Perkinsville was a village located in the town of Weathersfield, Windsor County, Vermont, United States. The population was 108 at the 2020 census.

The village government was dissolved in 2020; the town of Weathersfield is now responsible for general governance, including village streetlights.

==Geography==
According to the United States Census Bureau, the village has a total area of 0.2 mi2, all land.

==Demographics==

As of the census of 2000, there were 142 people, 56 households, and 40 families residing in the village.

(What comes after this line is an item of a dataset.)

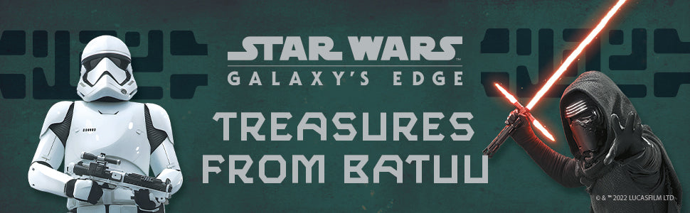 Full of treasures from Black Spire Outpost, Star Wars: Galaxy‰۪s Edge: Treasures from Batuu offers unique items inspired by Star Wars: Galaxy‰۪s Edge. Learn about Batuu‰۪s secrets and locales‰ÛÓfrom Oga‰۪s Cantina to Savi‰۪s Workshop‰ÛÓand gather one-of-a-kind items along the way, including high-quality stickers, keychains, and a collectible button. An essential addition to your Star Wars collection, Star Wars: Galaxy‰۪s Edge: Treasures from Batuu will transport you to the exciting world of Batuu!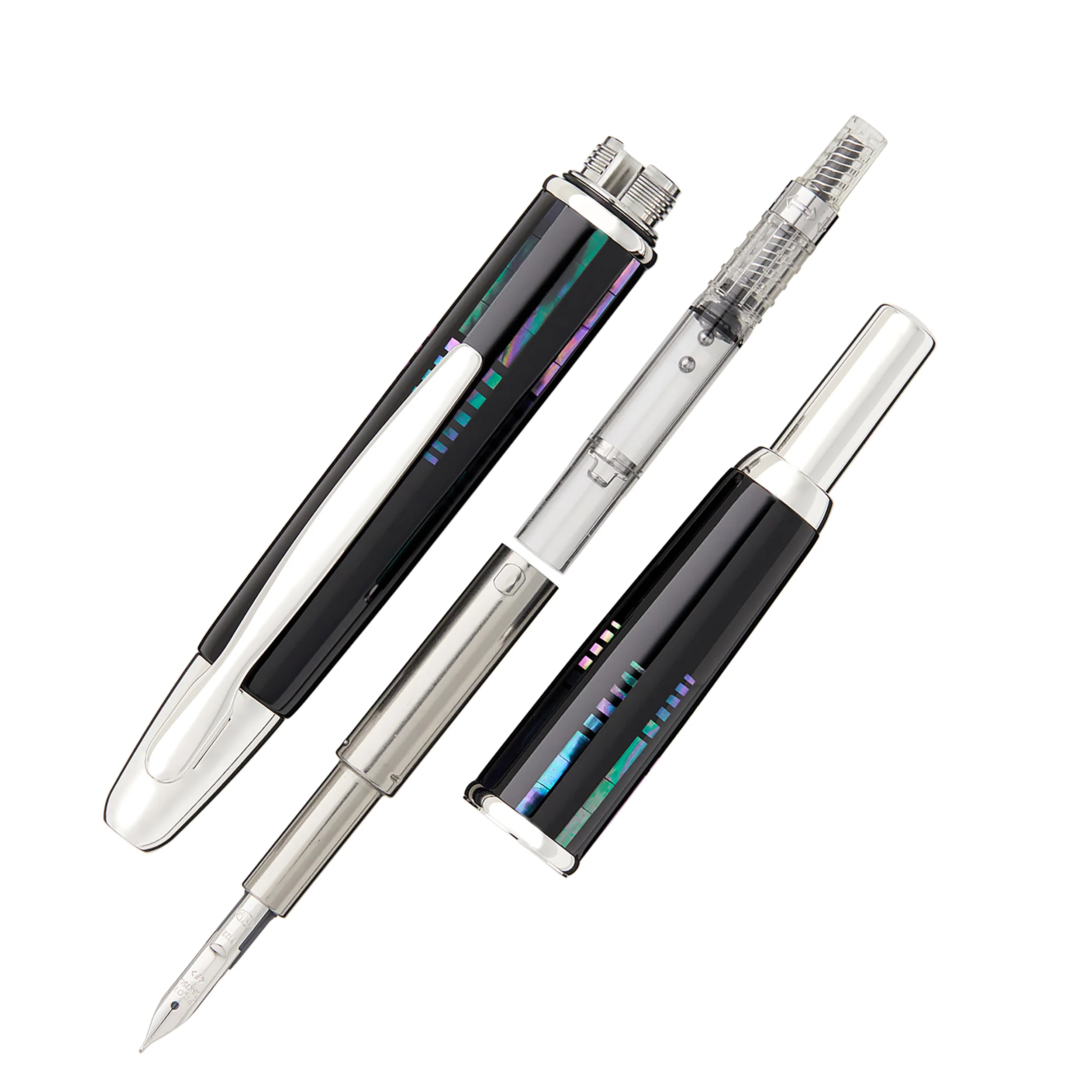 The Raden Vanishing Point is a spectacular example of Japanese Maki-e artistry, displaying the beauty of multi-colored abalone shells in a rich, hand lacquered urushi finish. Each piece of abalone shell is hand-cut and hand-laid into the pen. This fountain pen comes with a retractable rhodium-plated 18k gold nib - just click to expose or retract the nib. A hidden trap door helps keep the nib from drying out when not in use. A Pilot CON-40 converter is included with this pen, as well as a Pilot ink cartridge. A metal cartridge cap is also included for use with the ink cartridge. Each Vanishing Point fountain pen is beautifully merchandised in a black gift box.

The population density was 754.1 people per square mile (288.6/km^{2}). There were 59 housing units at an average density of 313.3/sq mi (119.9/km^{2}). The racial makeup of the village was 99.30% White and 0.70% African American.

There were 56 households, out of which 37.5% had children under the age of 18 living with them, 55.4% were married couples living together, 12.5% had a female householder with no husband present, and 26.8% were non-families. Of all households 21.4% were made up of individuals, and 14.3% had someone living alone who was 65 years of age or older. The average household size was 2.54 and the average family size was 2.88.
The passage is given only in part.